Beneath this instruction is a block of data; output from it exactly the lines that run from the one containing "(เฉพาะขนาดสะพายข้าง - ไม่มีในขนาดคล้องคอ)" through the one containing "Legg en strimmel", inclusive.
[[ Source information open ]]
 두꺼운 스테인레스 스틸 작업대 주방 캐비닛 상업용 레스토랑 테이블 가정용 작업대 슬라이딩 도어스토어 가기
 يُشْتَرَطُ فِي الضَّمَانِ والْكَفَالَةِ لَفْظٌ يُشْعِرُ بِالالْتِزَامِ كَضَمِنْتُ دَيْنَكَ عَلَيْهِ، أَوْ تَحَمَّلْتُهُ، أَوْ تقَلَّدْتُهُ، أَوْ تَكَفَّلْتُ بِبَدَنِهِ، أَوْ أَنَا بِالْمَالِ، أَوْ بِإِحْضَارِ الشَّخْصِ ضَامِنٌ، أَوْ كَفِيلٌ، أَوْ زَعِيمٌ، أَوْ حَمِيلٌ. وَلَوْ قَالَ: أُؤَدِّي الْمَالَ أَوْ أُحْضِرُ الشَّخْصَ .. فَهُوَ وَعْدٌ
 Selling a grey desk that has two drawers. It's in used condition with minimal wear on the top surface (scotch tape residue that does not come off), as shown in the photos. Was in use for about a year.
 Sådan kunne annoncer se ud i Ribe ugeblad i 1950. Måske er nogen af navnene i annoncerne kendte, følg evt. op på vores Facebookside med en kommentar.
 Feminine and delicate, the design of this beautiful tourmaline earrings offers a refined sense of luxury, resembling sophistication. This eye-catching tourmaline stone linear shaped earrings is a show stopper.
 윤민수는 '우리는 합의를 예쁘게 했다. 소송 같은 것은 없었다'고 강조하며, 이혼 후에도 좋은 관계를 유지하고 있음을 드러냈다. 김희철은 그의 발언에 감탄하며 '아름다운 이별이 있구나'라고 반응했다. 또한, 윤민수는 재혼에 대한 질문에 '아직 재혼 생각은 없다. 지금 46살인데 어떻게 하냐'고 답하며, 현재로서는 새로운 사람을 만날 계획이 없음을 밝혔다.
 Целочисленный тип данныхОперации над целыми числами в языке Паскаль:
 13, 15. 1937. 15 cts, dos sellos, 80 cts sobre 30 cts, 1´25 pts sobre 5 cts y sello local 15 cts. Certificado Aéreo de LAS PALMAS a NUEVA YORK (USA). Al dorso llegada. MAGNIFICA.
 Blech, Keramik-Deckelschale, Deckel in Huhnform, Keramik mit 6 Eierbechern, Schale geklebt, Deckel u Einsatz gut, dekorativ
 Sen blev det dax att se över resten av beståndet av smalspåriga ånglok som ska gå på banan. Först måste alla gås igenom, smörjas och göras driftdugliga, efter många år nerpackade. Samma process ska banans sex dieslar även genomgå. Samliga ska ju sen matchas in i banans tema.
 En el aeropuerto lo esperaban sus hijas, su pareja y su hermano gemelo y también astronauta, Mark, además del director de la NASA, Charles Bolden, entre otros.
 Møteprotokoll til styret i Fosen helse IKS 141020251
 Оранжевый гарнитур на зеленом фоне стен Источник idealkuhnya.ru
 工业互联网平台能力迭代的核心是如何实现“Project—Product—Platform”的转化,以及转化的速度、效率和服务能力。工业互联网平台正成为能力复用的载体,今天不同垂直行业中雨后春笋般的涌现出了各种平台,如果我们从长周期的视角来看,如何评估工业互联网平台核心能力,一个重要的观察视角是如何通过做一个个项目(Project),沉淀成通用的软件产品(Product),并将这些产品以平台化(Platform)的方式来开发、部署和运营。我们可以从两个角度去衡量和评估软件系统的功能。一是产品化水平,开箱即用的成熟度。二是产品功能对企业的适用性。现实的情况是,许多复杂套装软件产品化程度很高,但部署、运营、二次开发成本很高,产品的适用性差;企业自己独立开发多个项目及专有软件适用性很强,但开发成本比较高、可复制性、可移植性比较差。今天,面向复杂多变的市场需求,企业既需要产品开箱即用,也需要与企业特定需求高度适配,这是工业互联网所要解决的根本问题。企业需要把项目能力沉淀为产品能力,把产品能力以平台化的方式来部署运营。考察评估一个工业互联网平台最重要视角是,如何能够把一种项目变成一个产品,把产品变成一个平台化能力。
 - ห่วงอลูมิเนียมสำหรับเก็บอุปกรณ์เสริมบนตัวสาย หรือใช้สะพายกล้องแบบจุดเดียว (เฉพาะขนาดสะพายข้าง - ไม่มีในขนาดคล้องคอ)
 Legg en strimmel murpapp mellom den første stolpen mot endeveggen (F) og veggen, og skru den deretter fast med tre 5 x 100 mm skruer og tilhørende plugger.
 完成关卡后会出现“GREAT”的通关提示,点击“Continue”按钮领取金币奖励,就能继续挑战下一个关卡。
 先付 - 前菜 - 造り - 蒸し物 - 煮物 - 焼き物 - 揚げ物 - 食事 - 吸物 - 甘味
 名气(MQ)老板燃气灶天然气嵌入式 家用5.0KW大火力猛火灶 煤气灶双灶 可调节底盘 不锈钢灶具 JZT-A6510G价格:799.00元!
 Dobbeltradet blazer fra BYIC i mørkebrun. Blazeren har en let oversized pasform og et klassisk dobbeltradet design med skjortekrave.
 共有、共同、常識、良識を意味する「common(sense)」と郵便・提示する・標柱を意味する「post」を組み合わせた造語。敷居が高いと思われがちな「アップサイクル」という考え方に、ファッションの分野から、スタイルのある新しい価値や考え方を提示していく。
[[ Source information closed ]]
• Task result:
 - ห่วงอลูมิเนียมสำหรับเก็บอุปกรณ์เสริมบนตัวสาย หรือใช้สะพายกล้องแบบจุดเดียว (เฉพาะขนาดสะพายข้าง - ไม่มีในขนาดคล้องคอ)
 Legg en strimmel murpapp mellom den første stolpen mot endeveggen (F) og veggen, og skru den deretter fast med tre 5 x 100 mm skruer og tilhørende plugger.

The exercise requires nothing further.